What the kubectl run
command has just done is create a "Pod" object in Kubernetes which is similar to a "container" in the Docker world, more on that later.
Kubernetes uses YAML (/ JSON for the hardcore people) to define objects in its API. The mentioned "Pod" object is one of them.
NOTE
Speaking of YAML:
- To separate documents/ objects, you put
---
in between them. - Don't use tabs, only use spaces in YAML files, or your gonna have a bad time.
- You can use, e.g., Online YAML Parser to validate your YAML files online or also locally through addons/ extensions in your editor.
There are different types of objects in Kubernetes, as an example with the above kubectl run
command we created a Pod
object with the name of hello-world
.
Let's look at the "Pod" object
(No we are not talking about the band P.O.D.)
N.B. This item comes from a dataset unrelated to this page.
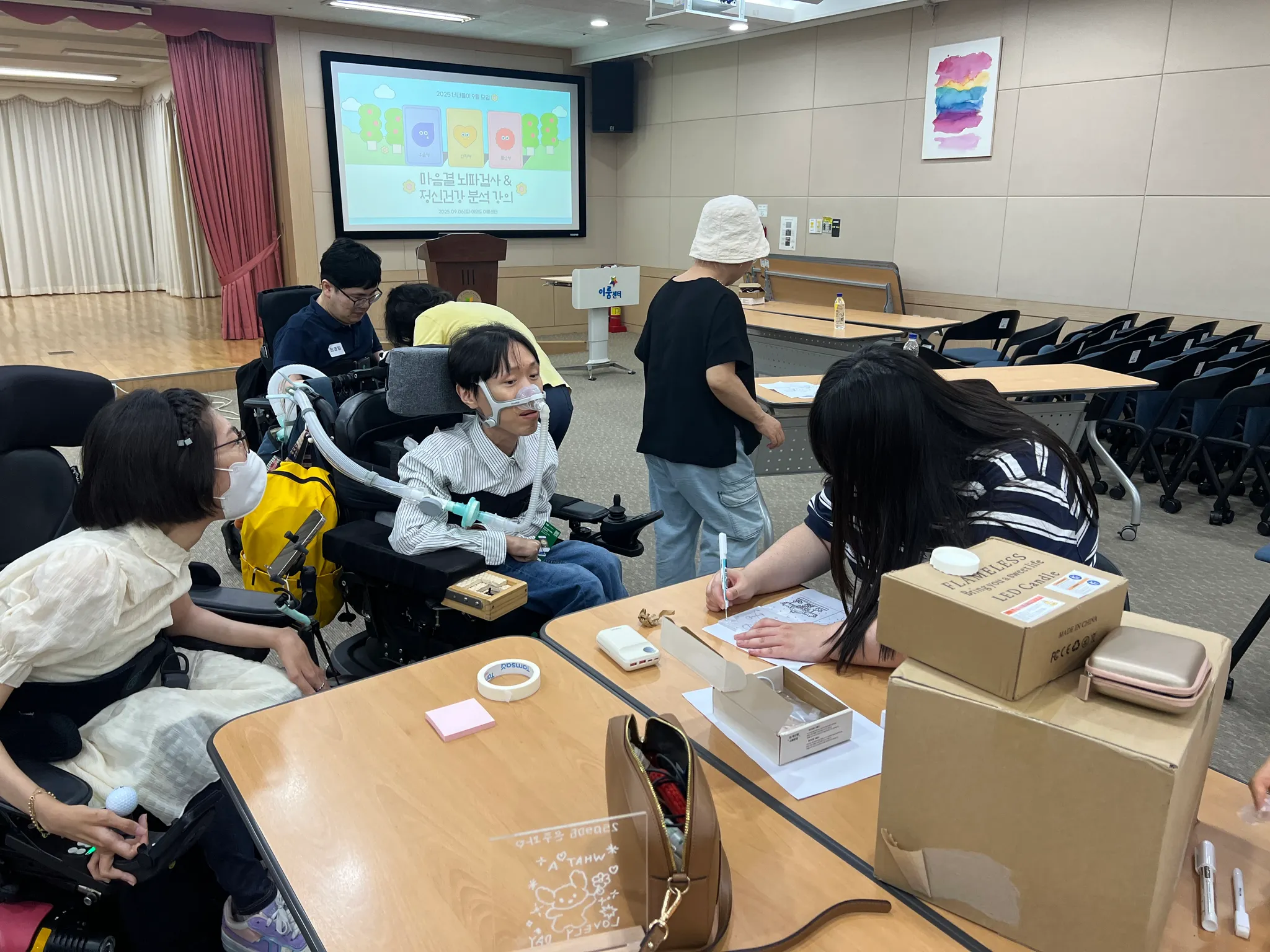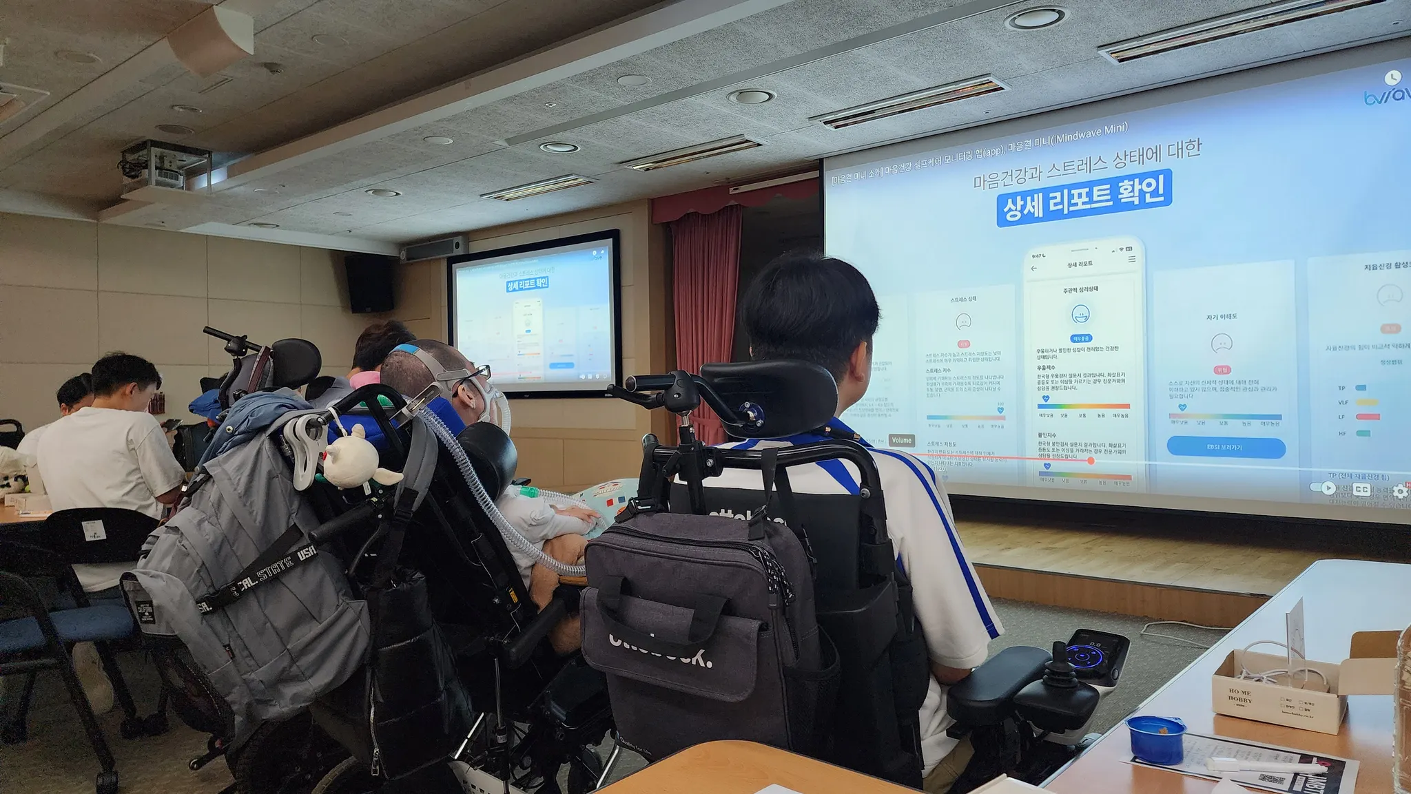 이번 정기모임에서는 비웨이브(Bwave)에서 너나들이 근육병 청년들과 부모님들을 위해 '마음결 뇌파검사'를 무료로 진행합니다.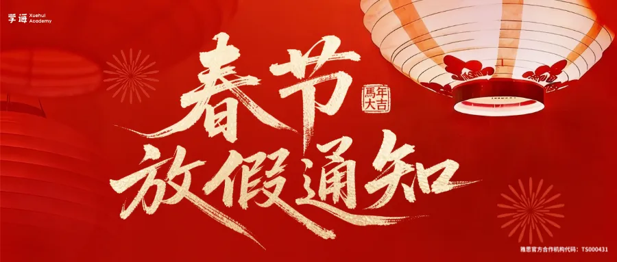 ·春节假期:2月15日(腊月二十八)-2月22日(正月初六),校区暂停开放,共8天;

To look at the Pod we just created using kubectl run
, we are going to use kubectl get
now:
$ kubectl get pod hello-world
NAME READY STATUS RESTARTS AGE
hello-world 0/1 Completed 0 12s
This only got us the Pod in a "list" format. Omitting the hello-world
(object name) would cause all Pod objects in the current Namespace
to be listed.
A Namespace
is a logical naming space separation for objects, meaning that it is possible to have multiple hello-world
Pod objects in different namespaces at the same time.
This is one of the "special" points of Kubernetes, being able to separate object (/ applications) by name already.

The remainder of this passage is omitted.